Axeline menegang. "Aku kan sudah ... "
"Makanlah," sela Keynan tiba-tiba, nada suaranya tegas namun datar. "Nanti kau bisa terlambat."
Axeline menatapnya sejenak, mencoba mencari sesuatu di matanya. Tapi seperti biasa, Keynan pandai menyembunyikan perasaannya.
Dengan berat hati, Axeline akhirnya duduk dan mulai menyantap sarapannya, meski perasaan dalam hatinya semakin sulit untuk dikendalikan.
Setelah menyelesaikan sarapannya, Axeline mau tidak mau ikut berangkat bersama Keynan karena desakan ayah dan ibunya untuk menerima tawaran itu, terutama karena kakaknya sedang dalam perjalanan bisnis dan tidak ada yang bisa mengantar selain Keynan.
Dia ingin naik taksi seperti sebelumnya, tapi ayahnya melarang tegas.
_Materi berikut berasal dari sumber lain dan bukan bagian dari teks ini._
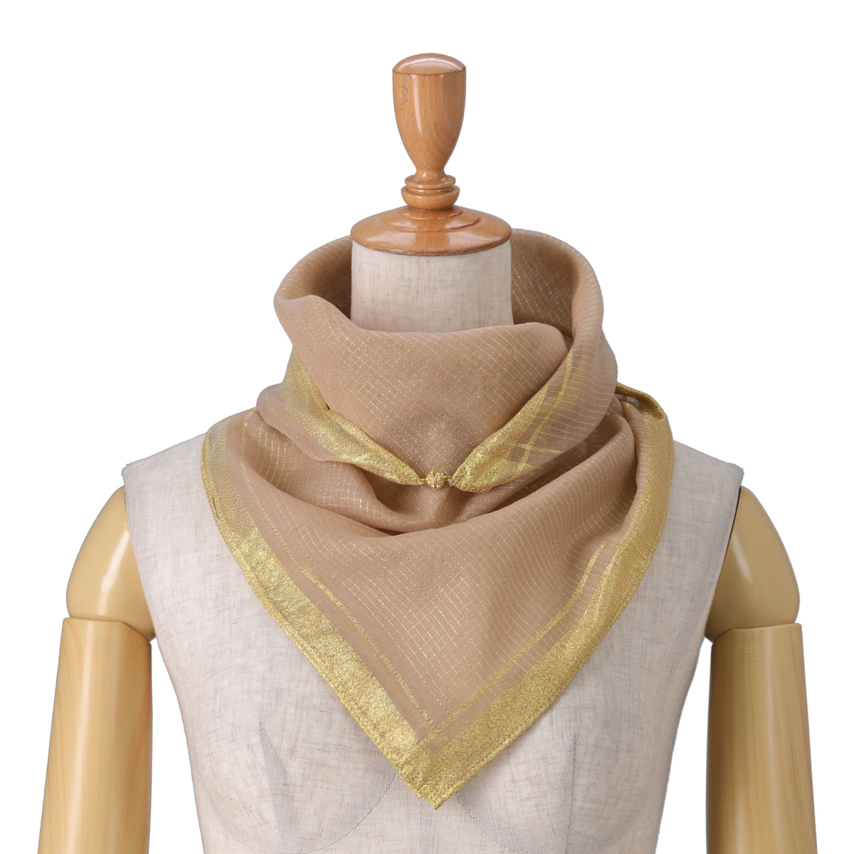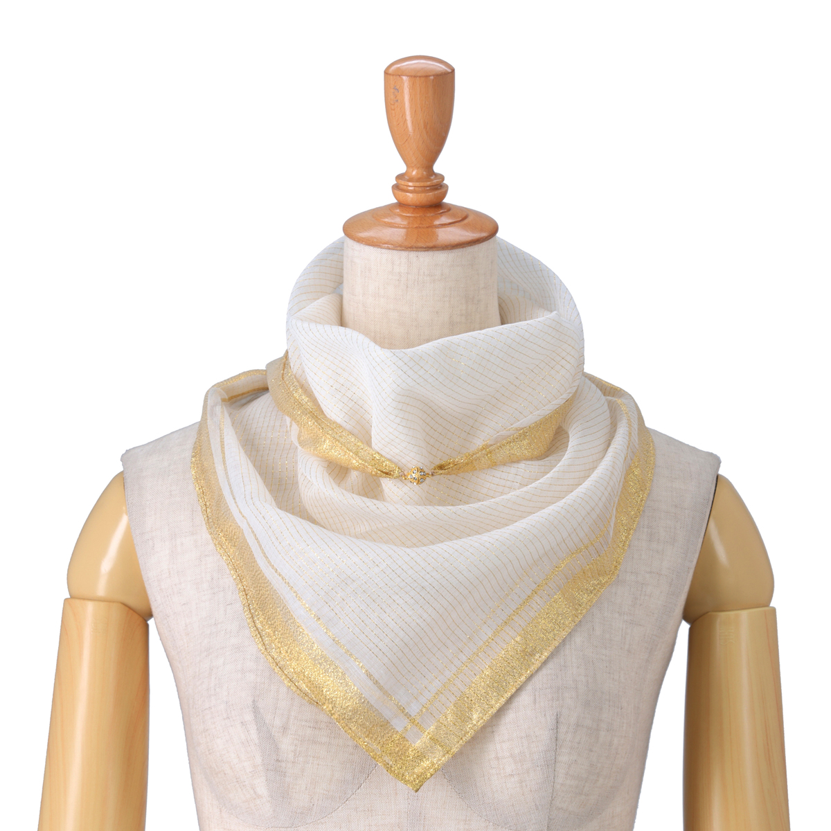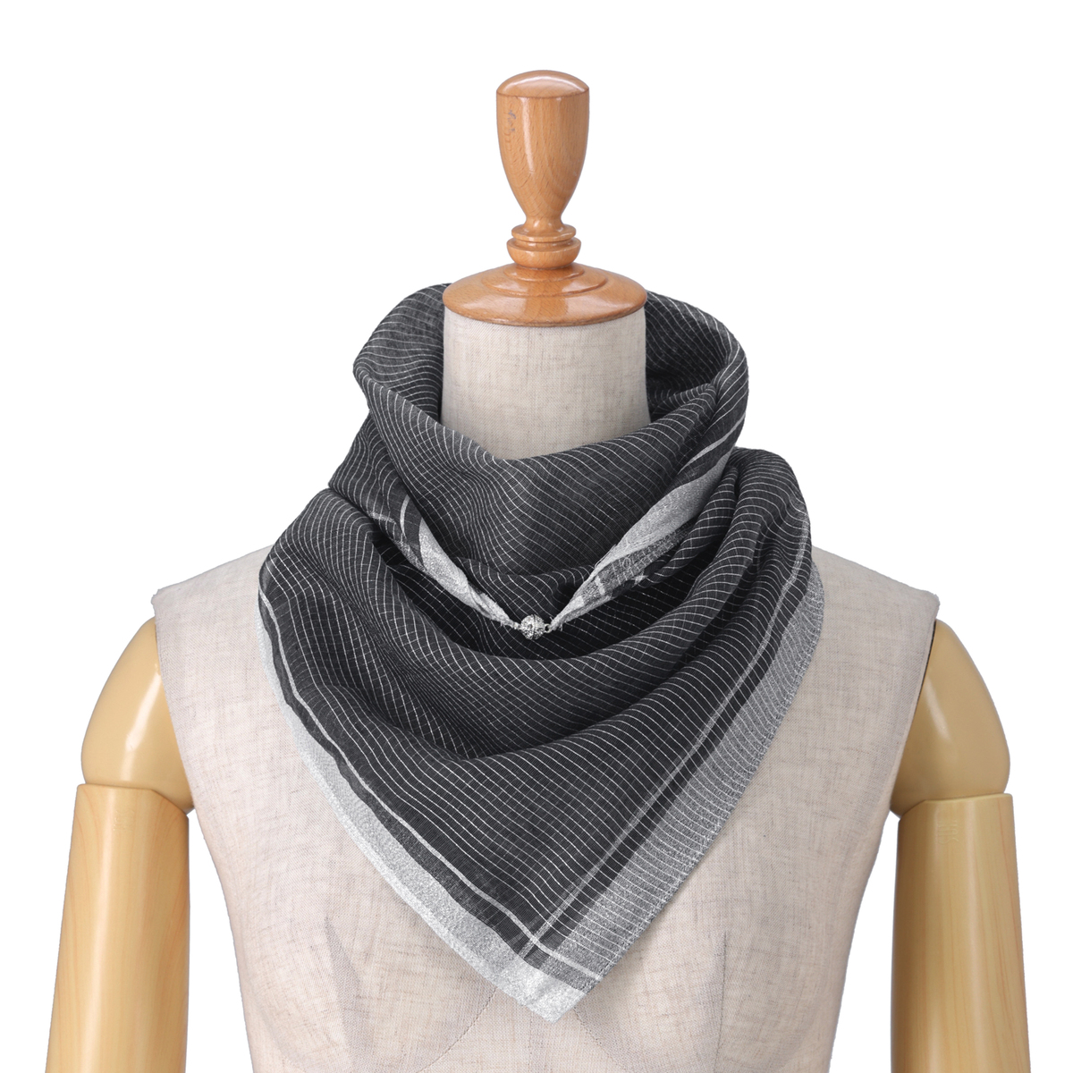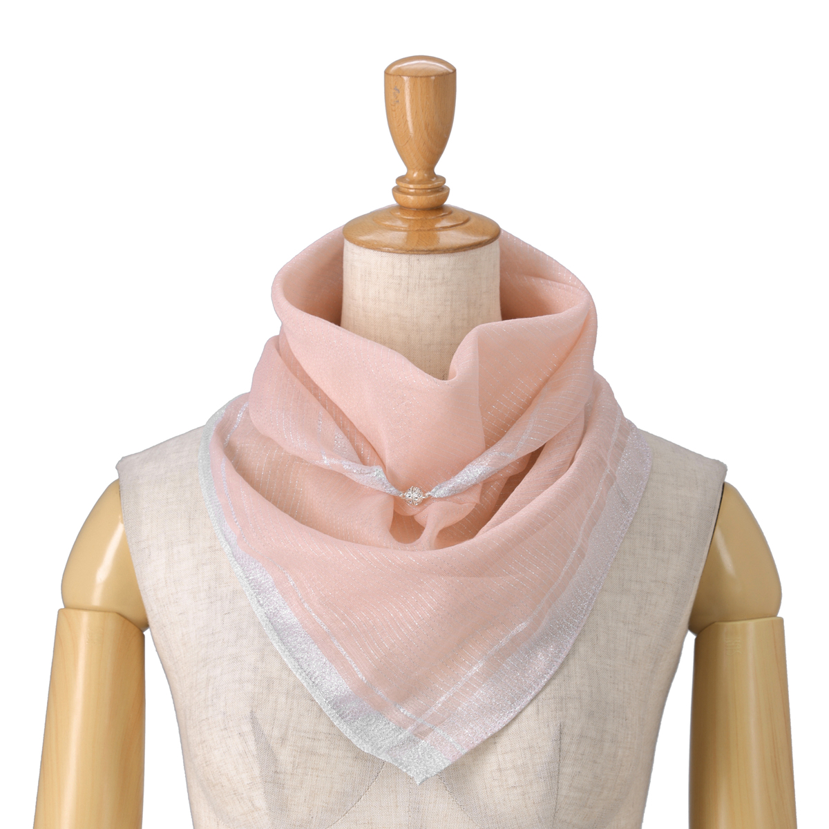 美しいマグネットパーツ付きで、アレンジが簡単なスカーフ。三角折やバイアス折、アフガン巻き、2重巻きなど様々なスタイルを楽しめます

Hingga akhirnya, dengan perasaan enggan, Axeline masuk ke dalam mobil Keynan.
Sepanjang perjalanan, keheningan menyelimuti mereka. Tidak ada satu pun dari mereka yang berusaha memulai percakapan. Axeline memilih menatap keluar jendela, memperhatikan lalu lintas yang bergerak perlahan. Namun, pikirannya melayang entah ke mana, membuat semua pemandangan di depannya terasa hambar.
Sementara itu, Keynan tetap fokus pada jalan, menyetir dengan tenang, seolah tidak terganggu oleh suasana yang begitu canggung di antara mereka.
Namun, keheningan itu akhirnya pecah ketika suara dering ponsel Keynan terdengar begitu nyaring.
Keynan melirik layar sebentar sebelum berdecak pelan, ekspresinya berubah sedikit kesal. Gerakan kecil itu menarik perhatian Axeline, yang tanpa sadar menoleh ke arahnya.
"Kenapa tidak diangkat?" tanyanya datar.
Keynan hanya menghela napas sebelum meletakkan kembali ponselnya. "Tidak penting," jawabnya singkat.
Axeline memiringkan kepalanya sedikit. "Kenapa? Bukankah itu dari kekasihmu?"
Keynan masih tetap fokus menyetir, tapi rahangnya tampak sedikit mengeras. "Sudah aku bilang, dia bukan kekasihku," sahutnya, kali ini dengan nada yang lebih dalam.
Axeline tersenyum kecil, tapi senyum itu dipenuhi sarkasme. "Jadi benar, ya? Itu telepon dari Agnes," gumamnya, sebelum kembali mengalihkan pandangannya ke luar jendela.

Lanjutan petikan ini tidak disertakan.